Chairman and CEO of JP Morgan Chase & Co. Jamie Diman is testifying before the House Financial Services Committee on Megabanks in the Rayburn House office building on Capitol Hill in Washington, DC, on April 10, 2019.

Mandel Ngan | AFP | Getty Images

JPMorgan Chase CEO Jamie Diman received a rare reprimand on Tuesday when shareholders did not approve his big retention bonus announced by the bank last year.
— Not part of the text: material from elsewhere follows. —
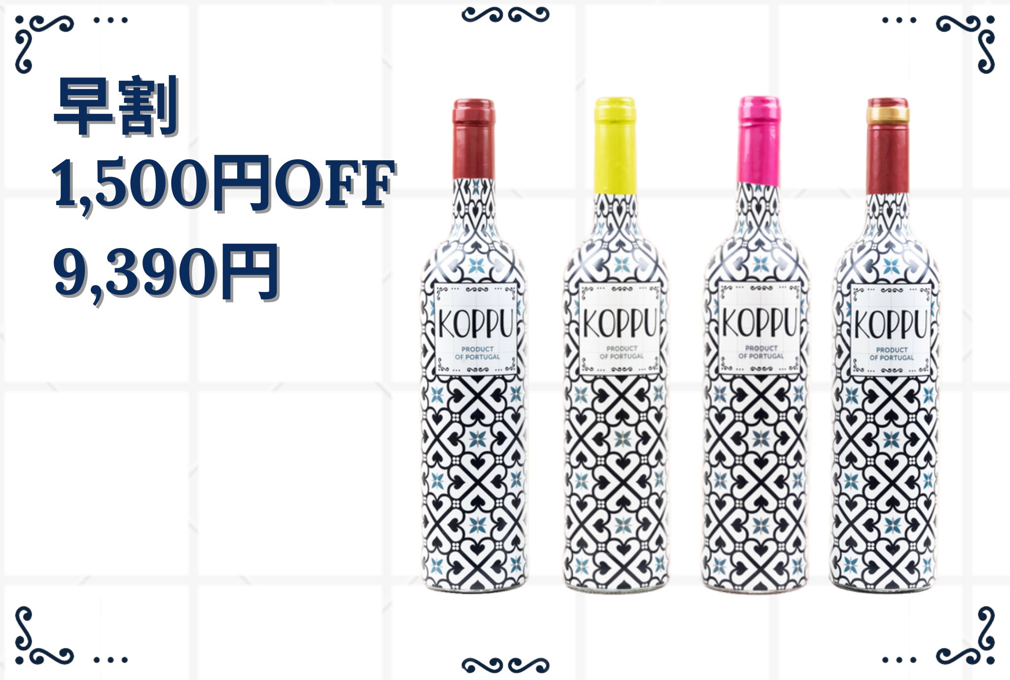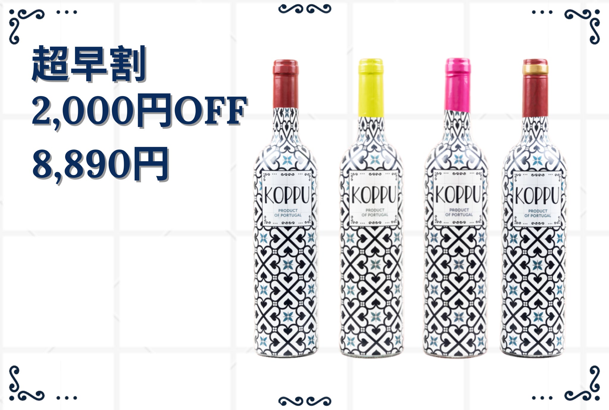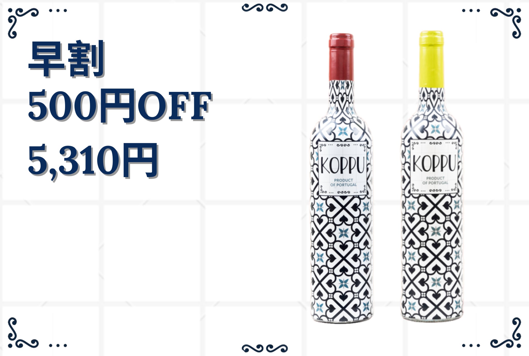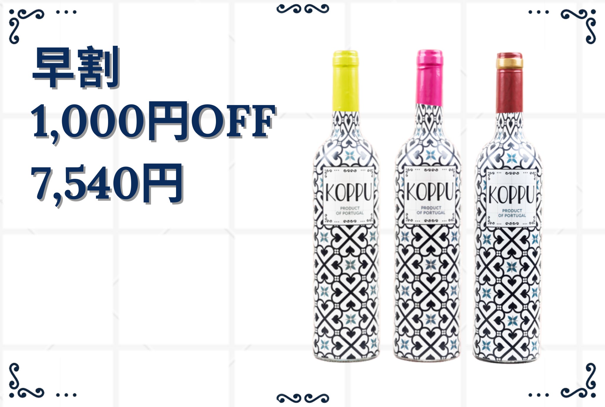 隠れたワイン大国ポルトガル。ワイン造りに欠かせない3S(Sun,Sea,Sand)が揃い、国際的に注目と期待が高まっています。その真価と魅力ある伝統文化を伝播するために造られた至福のワイン【KOPPU】シリーズ。見た目もオシャレなポルトガルタイル柄ボトルで、「ポルトガルらしさ」が手に取った瞬間から味わいに至るまで堪能していただけます。

Only 31% of investors who participated in the annual meeting of shareholders of the New York Bank, supported the award of $ 52.6 million, which was part of the compensation package Dimon for 2021.

The bonus of 1.5 million options that Diamond can implement in 2026 has been designed to keep the CEO and chairman at the helm of JPMorgan for another five years. Its estimated value, tied to last year, fluctuates and depends on the increase in the value of the bank’s shares, according to bank spokesman Joe Evangelista.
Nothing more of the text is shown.